Sensitivity of problems vs. robustness of algorithms.
Why Factorize instead of Invert?
Rule: Never compute \(\bA^{-1}\) explicitly.
Cost: Computing \(\bA^{-1}\) takes \(3\times\) longer than LU (\(\frac{8}{3}n^3\) vs. \(\frac{2}{3}n^3\)).
Stability: Round-off in \(\bA^{-1}\) propagates into the entire product \(\bA^{-1}\bb\). Stable factorizations confine errors.
Efficiency: LU allows solving for new \(\bb\)’s in \(O(n^2)\) without storing a dense inverse.
For \(n=500\), compare total flops for solving 10 systems via \(\bA^{-1}\) vs. LU.
Construct \(\bA = \text{diag}(1, 1, 10^{-12})\). Compare residuals of inv(A) @ b and solve(A, b).
Numerical Stability
A property of the algorithm.
An algorithm is backward stable if its computed \(\hat{\bx}\) is the exact solution to a nearby problem: \((\bA + \delta \bA)\hat{\bx} = \bb + \delta \bb\), with \(\|\delta \bA\|/\|\bA\| = O(\varepsilon_{\text{mach}})\).
GEPP Stability: Gaussian Elimination with Partial Pivoting is backward stable for virtually all practical matrices. The growth factor \(\rho\) stays small, preventing exponential error amplification.
Explain why a small residual doesn’t always guarantee a small error (Forward Error).
Histogram growth factors for 100 random matrices via scipy.linalg.lu.
Condition Number
A property of the problem.
\(\kappa(\bA) = \|\bA\|\|\bA^{-1}\|\).
Interpretation: Worst-case error amplification. A perturbation of size \(\varepsilon\) in \(\bb\) can cause error up to \(\kappa(\bA) \varepsilon\) in \(\bx\).
Rule of Thumb: You expect at most \(16 - \log_{10}(\kappa(\bA))\) correct digits in double precision.

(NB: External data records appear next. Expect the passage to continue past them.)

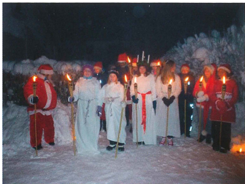
Månkarboskolans elever lussar i Ullfors andra advent.

backskolans elever från Månkarbo vandrade med facklor längs bruksgatan fram till Smedsstugans tun där de framförde en mycket uppskattad luciatablå.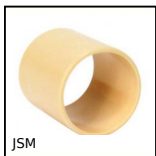
JSM Coussinet polymère cylindrique, Polymère universel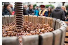
Rito della Spremitura

La Nosiola è l'unico vitigno a bacca bianca del Trentino. Nello stesso periodo si festeggia il Vino Santo, straordinario passito di lunghissimo appassimento e invecchiamento.

Let \(\bA\bx = \bb\) be the original system and \(\bA(\bx+\delta\bx) = \bb+\delta\bb\) the perturbed system. Subtracting gives \(\bA \delta\bx = \delta\bb\), so \(\delta\bx = \bA^{-1} \delta\bb\). Taking norms: \[
\begin{align}
\|\delta\bx\| \leq \|\bA^{-1}\| \|\delta\bb\|.
\end{align}
\] Also, from \(\bA\bx = \bb\), we have \(\|\bb\| \leq \|\bA\| \|\bx\|\), which implies \(1/\|\bx\| \leq \|\bA\|/\|\bb\|\). Combining these inequalities for the relative error: \[
\begin{align}
\frac{\|\delta\bx\|}{\|\bx\|} &\leq \|\bA^{-1}\| \|\delta\bb\| \frac{\|\bA\|}{\|\bb\|} \\
&= (\|\bA\| \|\bA^{-1}\|) \frac{\|\delta\bb\|}{\|\bb\|} \\
&= \kappa(\bA) \frac{\|\delta\bb\|}{\|\bb\|}.
\end{align}
\] Thus, the condition number \(\kappa(\bA)\) acts as the amplification factor for relative perturbations in the right-hand side.
Compute \(\kappa_2(H_n)\) for Hilbert matrices \(n=3, ..., 10\). How fast does it grow?
The Neumann Series: Use it to prove the perturbation bound: \(\frac{\|\delta \bx\|}{\|\bx\|} \leq \frac{\kappa(\bA)}{1 - ...}\).
Solver Selection Hierarchy
Algorithms are typically selected based on a trade-off between numerical stability and computational efficiency:
SVD: Most stable, most expensive (\(O(n^3)\) with large constant).
Householder QR: Very stable, no growth factor (\(O(mn^2)\)).
Cholesky: Stable for SPD systems, half the cost of LU.
GEPP (LU with Pivoting): Standard for general systems.
LU without Pivoting: Dangerously unstable; avoid.
The accuracy of a computed solution \(\hat{\bx}\) can be improved by iterative refinement:
Compute the residual \(\br = \bb - \bA\hat{\bx}\).
Solve \(\bA \boldsymbol{\delta} = \br\).
Update the estimate: \(\hat{\bx} \leftarrow \hat{\bx} + \boldsymbol{\delta}\).
Each step recovers digits lost due to ill-conditioning, up to the limits of machine precision.
Solve \(H_{10}\bx = H_{10}\mathbf{1}\). Apply one step of iterative refinement. How many digits are recovered?
Compare forward errors of solve (LU) vs lstsq (QR) on a Hilbert system.